Although Steeves’ Winthrop program is not funded by the coronavirus relief money, the YMCA was still looked at as a model. The partnership was needed in order to receive the funds, Seppy said.

“This grant is the only reason why we could have a program like this,” Seppy said. “The grant requested that the superintendent couldn’t apply, but that we could have a community partner. This is a trio partnership, with the RSU, town of Monmouth and with the Y, because they have an established program.”

Now that Monmouth Memorial School has a new building, the five-day program is able to take place there. Students will be fed through the free-meals program, providing them breakfast and lunch.

The building has three rooms that will be used for the program. The rooms allow students to to take their classes on remote-learning days and do homework, while students in the other rooms can focus on other activities.

“Students can do schoolwork during the day, and a group can work in the room on homework,” Seppy said. “It’s very individualized.”


Although the Monmouth Memorial child care is free, the after-school program that starts at 2:30 p.m. is $15.

Seppy said 21 children have signed up for the after-school program, but it can accept 40 and still comply with social-distancing guidelines.

Officials in Gardiner-based Maine School Administrative District 11 said they are also looking to implement a similar program, utilizing coronavirus relief funding.
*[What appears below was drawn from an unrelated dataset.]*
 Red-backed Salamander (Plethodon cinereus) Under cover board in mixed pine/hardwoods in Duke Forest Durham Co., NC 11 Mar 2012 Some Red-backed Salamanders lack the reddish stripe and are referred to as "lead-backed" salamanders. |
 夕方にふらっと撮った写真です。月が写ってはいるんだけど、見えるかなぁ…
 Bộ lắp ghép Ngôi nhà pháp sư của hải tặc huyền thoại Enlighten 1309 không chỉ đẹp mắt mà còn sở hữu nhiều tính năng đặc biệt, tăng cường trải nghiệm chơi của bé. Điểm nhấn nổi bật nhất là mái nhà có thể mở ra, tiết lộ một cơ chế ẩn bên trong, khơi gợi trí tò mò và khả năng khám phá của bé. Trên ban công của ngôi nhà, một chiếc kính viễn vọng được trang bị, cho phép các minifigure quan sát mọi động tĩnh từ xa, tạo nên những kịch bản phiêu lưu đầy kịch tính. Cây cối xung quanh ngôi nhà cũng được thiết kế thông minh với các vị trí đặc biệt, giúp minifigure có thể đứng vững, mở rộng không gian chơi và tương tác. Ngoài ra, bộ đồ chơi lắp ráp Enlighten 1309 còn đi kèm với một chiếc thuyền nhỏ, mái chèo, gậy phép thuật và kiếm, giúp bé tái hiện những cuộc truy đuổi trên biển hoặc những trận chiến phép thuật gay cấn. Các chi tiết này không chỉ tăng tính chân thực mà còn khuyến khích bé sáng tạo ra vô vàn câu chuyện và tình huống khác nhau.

Priority would be given to students who are children of essential workers, qualify for free or reduced lunch or children of staff members within the district.

Ingrid Stanchfield, chief executive officer at the Boys & Girls Clubs of Kennebec Valley, said her grant request for federal relief funds is awaiting state approval before the program can begin.
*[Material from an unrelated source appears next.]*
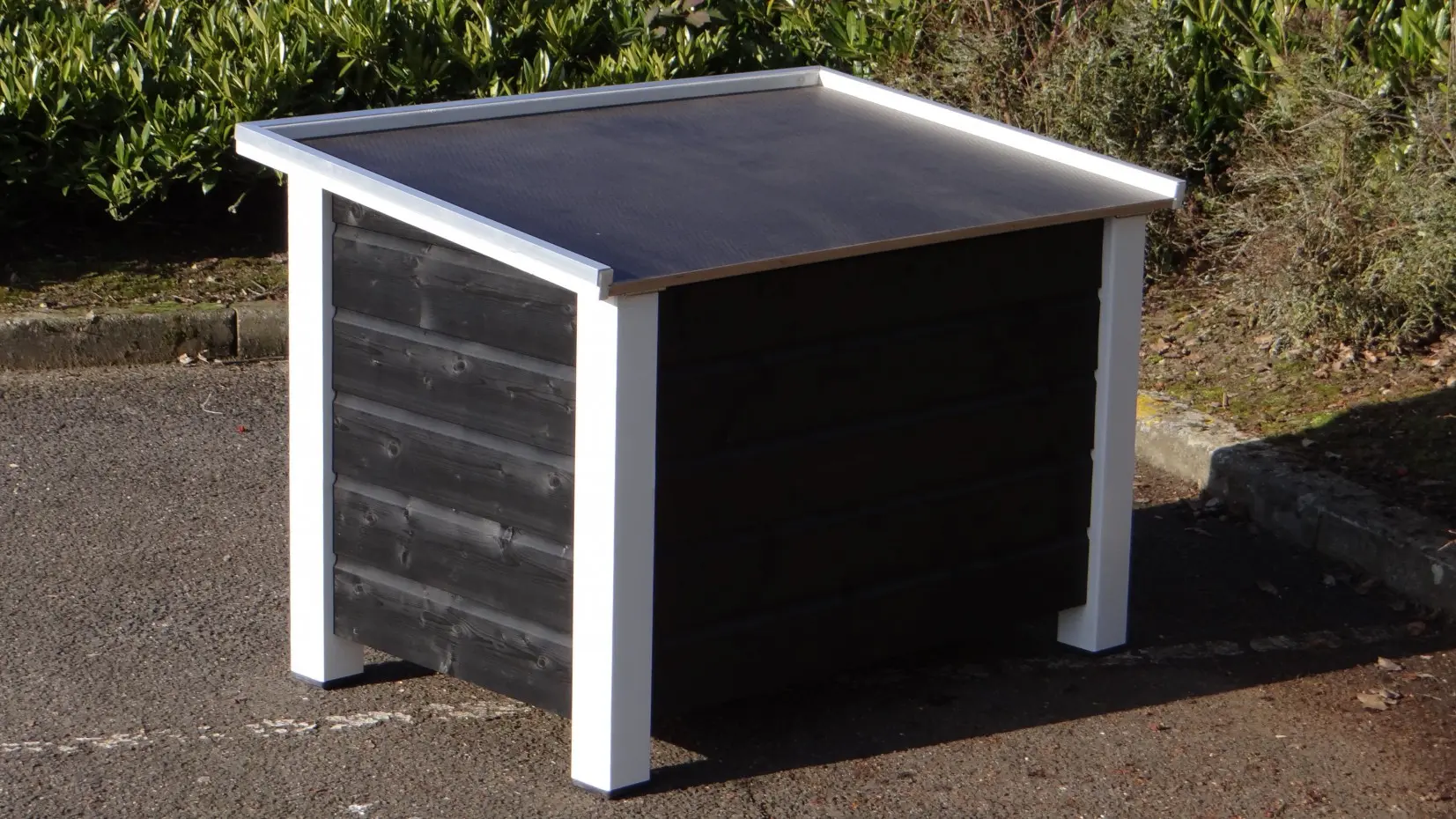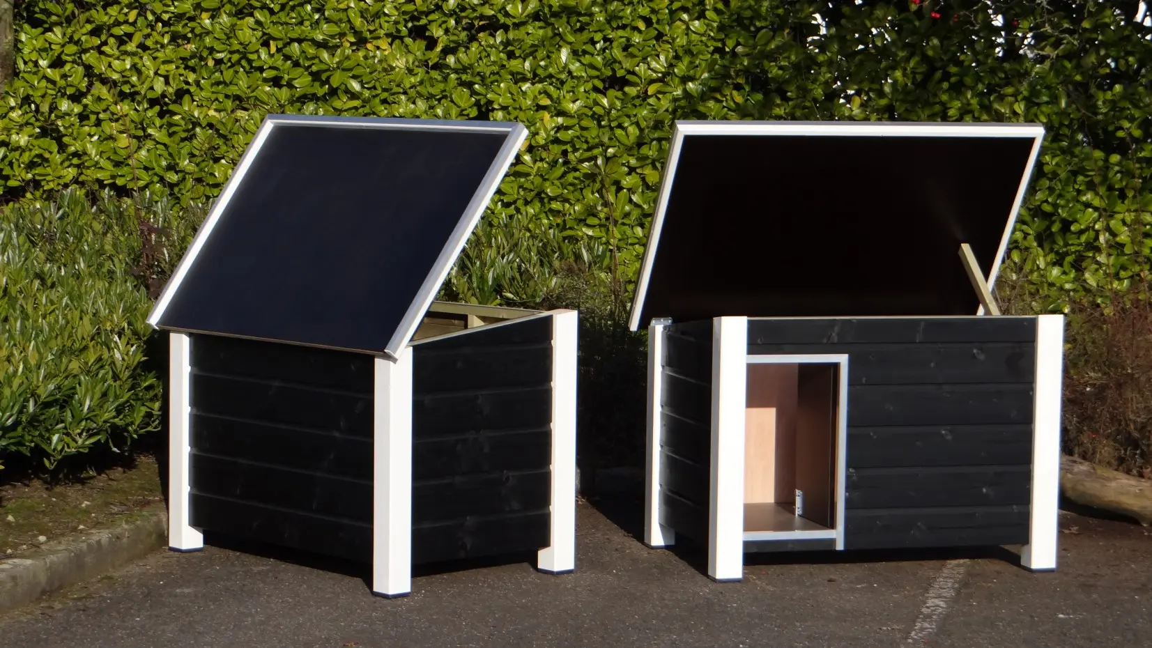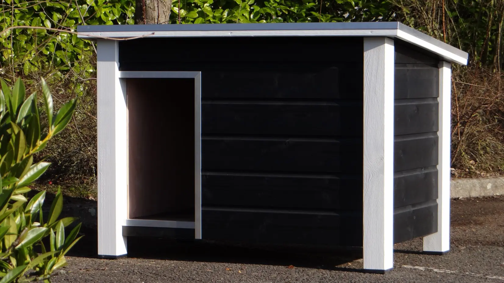 - Die Hundehütte hat schwarze Kunststofffüße, die das Bewegen erleichtern und die Hütte vor Feuchtigkeit schützen

The Kennebec Valley YMCA in Augusta is also hosting a Kid Zone, similar to the Steeves’ program in Winthrop.

The Augusta program is five days a week and runs all day. It costs $80 a day, but the Kennebec Valley Y has scholarships for students who need financial assistance, according to Paul Sveum, the youth program director.

The Augusta program has teamed up with organizations throughout the city, including The Study Hall, to help with homework, and the Snow Pond Center for the Arts, which is bringing “art as academic support” for the children.

“The Kid Zone is more than just child care,” Sveum said. “It’s an opportunity to enrich our children’s experiences and give them a chance to socialize, interact and play with their peers, which after this past year is something that all kids need.”